If the current rate of growth is maintained as stated in the report, Ericsson believes 5G will reach the billion subs benchmark two years faster than 4G did. The report also forecasts global fixed wireless access (FWA) connections to grow more quickly than previously expected, being one of the major early 5G use cases, particularly in regions with unserved or underserved broadband markets.
6. Public safety 5G networks represent $700m opportunity
The public safety broadband communications sector is set to see a steady surge in cumulative spending on rapidly deployable network assets between 2022 and 2025, based not only on 5G technology, but also LTE and 5G, according to a report by analyst SNS Telecom & IT.
The analyst’s Public safety LTE & 5G market: 2022-2030 – opportunities, challenges, strategies & forecasts predicts that during the study period, this spending will exceed $700m.
7. Nokia, TPG Telecom set new 5G uplink speed record in Australia
Claiming a 5G milestone for uplink, Nokia and TPG Telecom have revealed that they have hit a 5G upstream speed of 2 Gigabits per second (Gbps) using the Australian consumer and business internet service provider’s 5G mmWave spectrum.
The uplink milestone was achieved during a live demonstration at the Nokia 5G Futures Lab in Sydney. The demonstration involved a commercially available Nokia AirScale 5G mmWave base station utilising TPG Telecom’s 26GHz spectrum to connect, over the air, to a 5G device powered by a Qualcomm Snapdragon X65 5G modem-RF system featuring fourth-generation Qualcomm QTM545 mmWave antenna modules.
8. Private 5G drives sustainable and agile industrial operations
Rockwell Automation, Ericsson, Qualcomm Technologies and Verizon have entered into a collaboration to look at how the increasingly popular private 5G can provide a backbone for tomorrow’s application uses cases within manufacturing and process operations.
The partners noted that 5G’s intrinsic capabilities make it a perfect fit for industrial automation and the industrial internet of things (IIoT) in general, with the promise of being a viable technology to augment, and even replace, traditional wired industrial network connections. Specifically, the firms are evaluating industrial private 5G technology with Ethernet/IP connectivity.
9. 5G industry innovates towards next-generation wireless networks
A whitepaper from 5G Americas says research is under way for future 6G wireless cellular networks that may be capable of opening up new opportunities to extend wireless systems into nearly every facet of human and machine interaction.
The Mobile communications towards 2030 paper from the industry trade organisation for leading telecommunications service providers reviewed activities shaping wireless networks beyond 5G throughout North America and around the world, including initiatives in Germany and India. It examined early specifications and requirements for emerging mobile communications applications, including holographic communications, imaging and sensing, evolutions of massive internet of things (mIoT), smart agriculture and first responder services, among others.
10. TIP 5G plans to pave the way to transform private 5G network economics
A surge in private 5G network deployments has been under way for almost two years now, and the steady flow of deployment has led to optimism through the comms ecosystem, even though many deployments today are custom projects that are expensive to implement and maintain.
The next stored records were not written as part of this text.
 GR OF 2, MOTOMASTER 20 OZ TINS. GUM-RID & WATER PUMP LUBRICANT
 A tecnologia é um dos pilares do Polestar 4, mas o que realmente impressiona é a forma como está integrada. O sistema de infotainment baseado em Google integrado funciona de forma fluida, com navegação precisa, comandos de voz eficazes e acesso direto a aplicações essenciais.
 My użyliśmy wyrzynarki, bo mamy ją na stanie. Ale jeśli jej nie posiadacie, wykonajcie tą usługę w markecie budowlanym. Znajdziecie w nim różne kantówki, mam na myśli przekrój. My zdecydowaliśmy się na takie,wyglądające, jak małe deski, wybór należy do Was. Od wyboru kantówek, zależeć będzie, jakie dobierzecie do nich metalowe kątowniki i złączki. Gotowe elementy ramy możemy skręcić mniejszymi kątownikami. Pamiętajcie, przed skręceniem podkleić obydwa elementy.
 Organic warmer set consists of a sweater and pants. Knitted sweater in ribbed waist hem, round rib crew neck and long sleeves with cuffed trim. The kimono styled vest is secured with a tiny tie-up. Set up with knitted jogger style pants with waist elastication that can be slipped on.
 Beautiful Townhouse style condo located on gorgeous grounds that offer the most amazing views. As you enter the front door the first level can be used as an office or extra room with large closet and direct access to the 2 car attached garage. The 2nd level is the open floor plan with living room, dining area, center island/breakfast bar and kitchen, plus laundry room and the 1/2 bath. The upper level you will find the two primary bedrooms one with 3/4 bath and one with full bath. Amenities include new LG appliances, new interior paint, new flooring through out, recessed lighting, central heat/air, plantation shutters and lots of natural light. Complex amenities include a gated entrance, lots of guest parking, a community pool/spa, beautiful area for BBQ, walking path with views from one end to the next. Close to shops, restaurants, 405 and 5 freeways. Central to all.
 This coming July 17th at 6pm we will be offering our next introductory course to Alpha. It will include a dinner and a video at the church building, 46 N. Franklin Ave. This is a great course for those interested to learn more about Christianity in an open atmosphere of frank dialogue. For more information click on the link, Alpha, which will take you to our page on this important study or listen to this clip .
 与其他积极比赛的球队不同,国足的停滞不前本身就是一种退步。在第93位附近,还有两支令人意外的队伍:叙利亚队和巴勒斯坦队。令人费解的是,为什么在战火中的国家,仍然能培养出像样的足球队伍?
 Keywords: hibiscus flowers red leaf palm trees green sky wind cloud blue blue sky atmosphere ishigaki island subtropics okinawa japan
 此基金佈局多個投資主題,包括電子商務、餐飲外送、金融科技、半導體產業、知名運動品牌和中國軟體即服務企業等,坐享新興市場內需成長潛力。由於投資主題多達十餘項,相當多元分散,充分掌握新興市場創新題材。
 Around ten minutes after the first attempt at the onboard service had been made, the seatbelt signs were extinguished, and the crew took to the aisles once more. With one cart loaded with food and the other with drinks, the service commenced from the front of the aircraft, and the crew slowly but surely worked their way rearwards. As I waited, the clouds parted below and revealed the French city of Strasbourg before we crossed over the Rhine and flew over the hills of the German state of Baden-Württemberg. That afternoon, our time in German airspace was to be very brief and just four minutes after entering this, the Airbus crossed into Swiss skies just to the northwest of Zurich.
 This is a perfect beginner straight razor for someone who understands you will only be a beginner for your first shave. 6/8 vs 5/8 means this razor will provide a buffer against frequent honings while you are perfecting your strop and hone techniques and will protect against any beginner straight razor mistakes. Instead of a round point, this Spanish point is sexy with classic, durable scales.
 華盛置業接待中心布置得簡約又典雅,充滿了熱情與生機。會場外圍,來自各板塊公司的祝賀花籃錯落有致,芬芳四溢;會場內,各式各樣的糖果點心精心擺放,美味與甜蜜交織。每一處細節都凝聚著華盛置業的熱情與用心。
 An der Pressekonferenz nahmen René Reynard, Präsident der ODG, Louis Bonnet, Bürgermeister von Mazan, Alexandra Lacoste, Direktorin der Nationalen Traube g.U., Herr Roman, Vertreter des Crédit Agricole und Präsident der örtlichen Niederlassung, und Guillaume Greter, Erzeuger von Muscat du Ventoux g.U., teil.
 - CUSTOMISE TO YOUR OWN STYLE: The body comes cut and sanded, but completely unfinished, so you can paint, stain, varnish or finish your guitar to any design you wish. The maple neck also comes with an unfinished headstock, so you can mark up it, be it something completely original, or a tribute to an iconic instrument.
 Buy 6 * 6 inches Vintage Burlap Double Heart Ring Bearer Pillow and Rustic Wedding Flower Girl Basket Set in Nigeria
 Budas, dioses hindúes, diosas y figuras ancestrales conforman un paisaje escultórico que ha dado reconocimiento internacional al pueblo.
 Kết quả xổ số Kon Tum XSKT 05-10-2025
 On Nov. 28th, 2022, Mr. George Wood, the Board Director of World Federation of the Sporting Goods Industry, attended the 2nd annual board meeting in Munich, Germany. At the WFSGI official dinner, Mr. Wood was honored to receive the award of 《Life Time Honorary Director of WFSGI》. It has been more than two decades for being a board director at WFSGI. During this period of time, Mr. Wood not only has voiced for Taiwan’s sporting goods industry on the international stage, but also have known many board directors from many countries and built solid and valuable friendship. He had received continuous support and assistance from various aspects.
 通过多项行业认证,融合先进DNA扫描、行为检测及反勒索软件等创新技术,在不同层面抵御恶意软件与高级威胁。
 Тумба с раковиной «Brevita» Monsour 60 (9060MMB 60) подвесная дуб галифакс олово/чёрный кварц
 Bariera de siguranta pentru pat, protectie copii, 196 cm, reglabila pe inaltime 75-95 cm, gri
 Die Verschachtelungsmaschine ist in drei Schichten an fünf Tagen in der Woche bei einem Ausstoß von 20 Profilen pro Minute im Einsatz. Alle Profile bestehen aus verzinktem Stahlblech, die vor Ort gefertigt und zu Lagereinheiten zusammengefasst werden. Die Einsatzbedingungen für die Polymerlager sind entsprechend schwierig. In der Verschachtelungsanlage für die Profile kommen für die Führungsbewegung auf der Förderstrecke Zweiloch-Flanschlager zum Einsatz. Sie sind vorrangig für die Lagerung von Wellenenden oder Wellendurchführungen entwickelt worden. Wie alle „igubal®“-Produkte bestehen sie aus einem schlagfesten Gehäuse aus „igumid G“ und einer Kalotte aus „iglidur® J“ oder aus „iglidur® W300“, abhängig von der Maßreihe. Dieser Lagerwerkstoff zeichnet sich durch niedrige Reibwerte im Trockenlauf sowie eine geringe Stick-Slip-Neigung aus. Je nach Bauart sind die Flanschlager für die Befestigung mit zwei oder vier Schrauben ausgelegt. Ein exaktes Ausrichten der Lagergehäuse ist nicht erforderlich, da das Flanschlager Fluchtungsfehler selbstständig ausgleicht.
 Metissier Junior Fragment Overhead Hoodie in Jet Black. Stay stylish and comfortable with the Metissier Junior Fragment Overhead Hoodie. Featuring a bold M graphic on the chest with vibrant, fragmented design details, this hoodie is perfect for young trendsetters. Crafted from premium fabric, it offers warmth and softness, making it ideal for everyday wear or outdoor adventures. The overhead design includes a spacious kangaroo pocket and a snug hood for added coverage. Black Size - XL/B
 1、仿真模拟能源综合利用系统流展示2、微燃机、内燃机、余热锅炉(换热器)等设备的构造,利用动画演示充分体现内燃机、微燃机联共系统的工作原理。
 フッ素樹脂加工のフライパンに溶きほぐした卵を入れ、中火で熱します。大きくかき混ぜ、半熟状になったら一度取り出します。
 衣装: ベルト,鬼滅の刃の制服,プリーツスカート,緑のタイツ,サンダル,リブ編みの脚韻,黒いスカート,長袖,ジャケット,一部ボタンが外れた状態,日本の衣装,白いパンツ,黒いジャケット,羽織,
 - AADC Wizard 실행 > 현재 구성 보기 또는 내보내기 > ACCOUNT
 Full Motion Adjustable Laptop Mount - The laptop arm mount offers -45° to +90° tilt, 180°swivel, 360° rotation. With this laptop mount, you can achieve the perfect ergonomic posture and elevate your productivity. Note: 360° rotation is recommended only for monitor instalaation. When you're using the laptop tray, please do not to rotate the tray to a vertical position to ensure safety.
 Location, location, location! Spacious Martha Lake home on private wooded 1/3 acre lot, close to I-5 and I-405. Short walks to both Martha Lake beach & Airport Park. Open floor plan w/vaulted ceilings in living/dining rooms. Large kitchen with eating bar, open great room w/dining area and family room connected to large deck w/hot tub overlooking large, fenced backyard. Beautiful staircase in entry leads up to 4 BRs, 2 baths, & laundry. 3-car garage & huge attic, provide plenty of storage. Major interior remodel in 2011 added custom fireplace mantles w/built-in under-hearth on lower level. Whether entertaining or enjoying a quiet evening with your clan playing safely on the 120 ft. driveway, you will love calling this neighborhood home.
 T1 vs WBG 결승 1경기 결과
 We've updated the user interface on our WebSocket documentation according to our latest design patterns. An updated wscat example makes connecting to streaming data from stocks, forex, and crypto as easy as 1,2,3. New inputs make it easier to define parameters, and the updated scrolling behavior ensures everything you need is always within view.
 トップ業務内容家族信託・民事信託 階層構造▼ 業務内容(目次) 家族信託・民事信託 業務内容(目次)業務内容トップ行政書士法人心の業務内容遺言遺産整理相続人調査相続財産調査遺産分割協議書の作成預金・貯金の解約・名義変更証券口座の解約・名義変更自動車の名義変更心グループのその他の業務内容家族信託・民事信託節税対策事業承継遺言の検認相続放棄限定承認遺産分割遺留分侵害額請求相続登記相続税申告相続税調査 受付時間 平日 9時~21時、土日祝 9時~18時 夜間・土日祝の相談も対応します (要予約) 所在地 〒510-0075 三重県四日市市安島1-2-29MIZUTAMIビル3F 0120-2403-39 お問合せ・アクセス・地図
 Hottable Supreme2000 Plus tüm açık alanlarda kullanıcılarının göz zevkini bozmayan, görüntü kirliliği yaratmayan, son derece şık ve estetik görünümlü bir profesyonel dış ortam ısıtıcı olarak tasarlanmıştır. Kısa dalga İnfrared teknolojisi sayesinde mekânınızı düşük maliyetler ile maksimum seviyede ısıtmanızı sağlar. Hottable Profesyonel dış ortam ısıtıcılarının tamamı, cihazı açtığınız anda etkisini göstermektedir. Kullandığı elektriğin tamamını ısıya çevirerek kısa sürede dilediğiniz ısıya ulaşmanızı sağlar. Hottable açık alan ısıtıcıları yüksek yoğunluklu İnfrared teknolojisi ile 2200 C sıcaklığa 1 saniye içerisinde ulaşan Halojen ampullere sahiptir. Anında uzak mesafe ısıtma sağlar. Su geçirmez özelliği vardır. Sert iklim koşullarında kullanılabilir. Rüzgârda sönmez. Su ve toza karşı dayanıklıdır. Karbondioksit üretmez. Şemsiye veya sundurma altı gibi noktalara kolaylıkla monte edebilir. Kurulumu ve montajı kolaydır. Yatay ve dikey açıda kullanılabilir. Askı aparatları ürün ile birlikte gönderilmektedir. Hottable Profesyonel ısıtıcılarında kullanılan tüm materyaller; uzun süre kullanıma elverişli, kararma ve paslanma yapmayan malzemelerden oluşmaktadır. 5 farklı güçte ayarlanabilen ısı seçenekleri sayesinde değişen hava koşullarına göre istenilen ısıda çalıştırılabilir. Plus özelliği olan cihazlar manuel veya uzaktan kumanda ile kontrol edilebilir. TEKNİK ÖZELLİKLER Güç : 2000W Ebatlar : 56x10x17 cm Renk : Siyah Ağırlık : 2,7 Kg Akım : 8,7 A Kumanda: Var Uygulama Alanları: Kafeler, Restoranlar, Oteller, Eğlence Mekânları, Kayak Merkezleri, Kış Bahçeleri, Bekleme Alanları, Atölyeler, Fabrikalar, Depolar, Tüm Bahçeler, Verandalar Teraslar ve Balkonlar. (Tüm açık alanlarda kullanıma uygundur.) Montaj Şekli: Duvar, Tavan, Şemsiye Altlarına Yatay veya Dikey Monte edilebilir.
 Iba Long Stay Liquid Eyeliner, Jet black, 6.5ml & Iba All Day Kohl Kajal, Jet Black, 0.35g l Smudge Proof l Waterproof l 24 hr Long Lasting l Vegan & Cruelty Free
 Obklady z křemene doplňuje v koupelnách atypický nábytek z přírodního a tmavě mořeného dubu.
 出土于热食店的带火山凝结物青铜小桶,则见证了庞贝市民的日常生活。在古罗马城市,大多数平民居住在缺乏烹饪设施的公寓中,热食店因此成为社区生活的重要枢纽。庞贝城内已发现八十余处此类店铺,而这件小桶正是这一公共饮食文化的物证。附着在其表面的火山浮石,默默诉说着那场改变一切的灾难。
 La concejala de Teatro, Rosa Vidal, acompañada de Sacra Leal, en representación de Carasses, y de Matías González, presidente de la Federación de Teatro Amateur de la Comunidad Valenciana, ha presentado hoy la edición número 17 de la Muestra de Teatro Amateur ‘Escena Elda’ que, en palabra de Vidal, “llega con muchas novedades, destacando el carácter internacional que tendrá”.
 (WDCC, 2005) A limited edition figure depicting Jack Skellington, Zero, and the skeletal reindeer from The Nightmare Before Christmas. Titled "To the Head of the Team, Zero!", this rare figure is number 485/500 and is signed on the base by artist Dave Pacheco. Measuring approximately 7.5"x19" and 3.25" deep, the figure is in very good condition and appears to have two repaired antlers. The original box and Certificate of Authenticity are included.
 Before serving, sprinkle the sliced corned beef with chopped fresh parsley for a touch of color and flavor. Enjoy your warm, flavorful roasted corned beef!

Offering a remedy to this issue, the Telecom Infra Project (TIP) 5G Private Networks solution group has revealed details of a trial showing how the economics of private networks can be substantially transformed through technological innovation.
The TIP group, led by leading operator Telefónica, used a computer vision application as a driving use case. The group combined private 5G with edge compute for service components with strict requirements – ie video processing and the user plane function – while taking advantage of the efficiencies of a central cloud where possible.